Gaming is not doing much better on the other side of the world. In Macau, three of the region’s six licensed gaming operators have announced layoffs or mass pay cuts resulting from diminished revenues. Las Vegas Sands let go some 11,000 construction workers when it suspended work in November on a 6,400-key casino, followed by 13% pay cuts to its gaming workers. Melco Crown Entertainment and Galaxy Entertainment, both based in Hong Kong, instituted salary reductions of 8% and 13%, respectively.

The slowdown in Macau continues to worsen; casino revenues plunged 30% in January year-over-year, following a 7% drop between the third and fourth quarters of 2008. The gaming spend from high-rollers in VIP junkets from mainland China has fallen off even more dramatically, with analysts projecting year-over-year VIP revenue decline of 15% to 25%.

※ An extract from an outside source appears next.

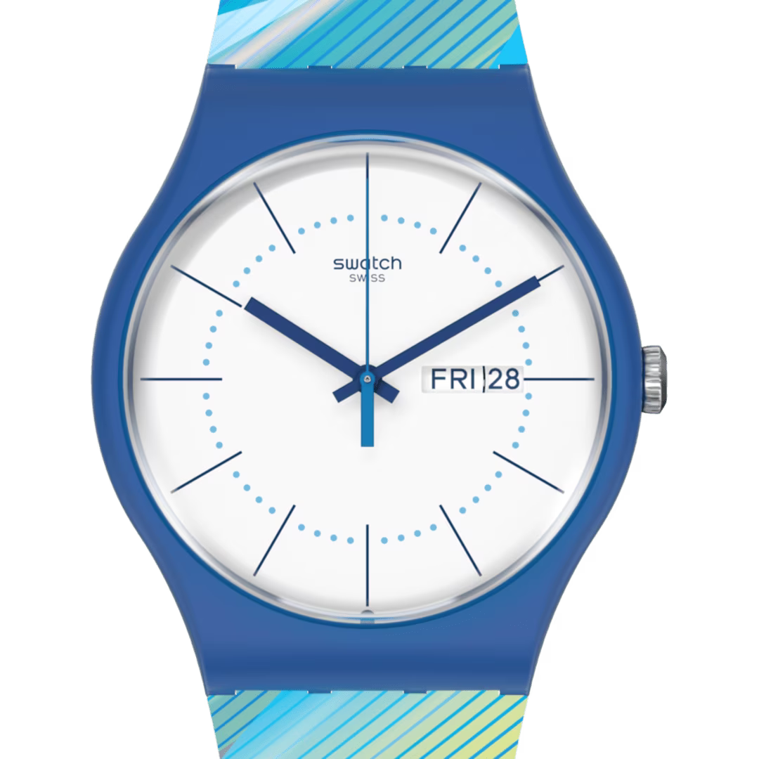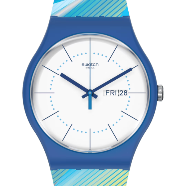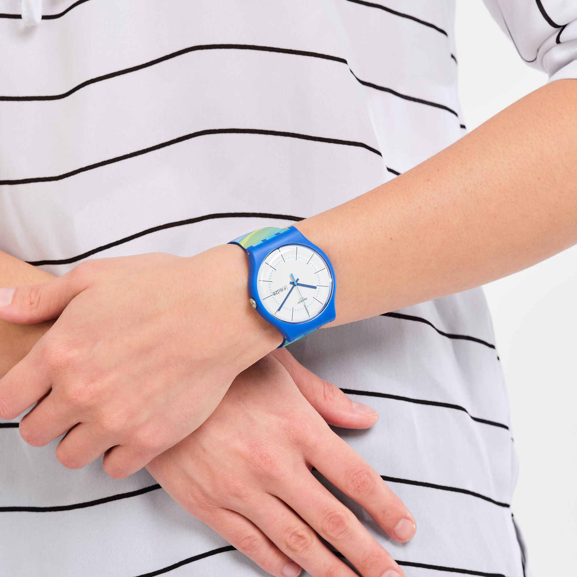 Эти олимпийские часы завоевали золото благодаря синему матовому корпусу из биоматериалов, синему силиконовому ремешку с зимним принтом и белому циферблату с синими индексами.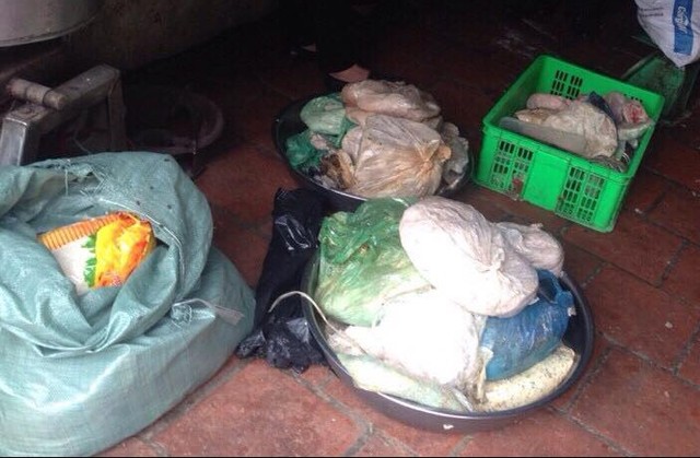 Qua quá trình kiểm tra thực tế, các cơ quan liên ngành đã thu giữ 165kg thịt lợn đang trong quá trình dùng để chế biến nem chua, giò mọc không có hóa đơn và đã bốc mùi hôi thối.

In Singapore, Las Vegas Sands has pushed back the opening of the US$5 billion Marina Bay Sands to November, blaming construction problems. Sands reportedly was nearing default late last year, but the company proceeded to raise US$2.1 billion in a bond sale, and company officials insist enough capital exists to complete the project. Singapore’s other big gaming development, Kuala Lumpur-based Genting International’s US$4 billion Resorts World at Sentosa, remains on schedule for a 2010 opening.

Macau and Singapore may soon have another destination competing for Asia Pacific gaming revenues. Taiwan’s parliament has voted to legalize gambling on the offshore islands of Kinmen, Matsu and Penghu, paving the way for local governments to hold casino referenda. Isle of Man-based AMZ Holdings Plc owns a substantial beachfront site in Penghu and could move quickly to set up a casino resort there. Melco also has expressed interest in developing in Taiwan, but only if the China government does not object.

In the UK, past talk of permitting expansive Vegas-style “supercasinos” is dead, mainly a result of Prime Minister Gordon Brown’s disdain for gambling. However, the government will allow 16 regional casinos to be built across Britain, with exact locations to be determined. Genting and Harrah’s are among the companies expected to bid for UK gaming permits.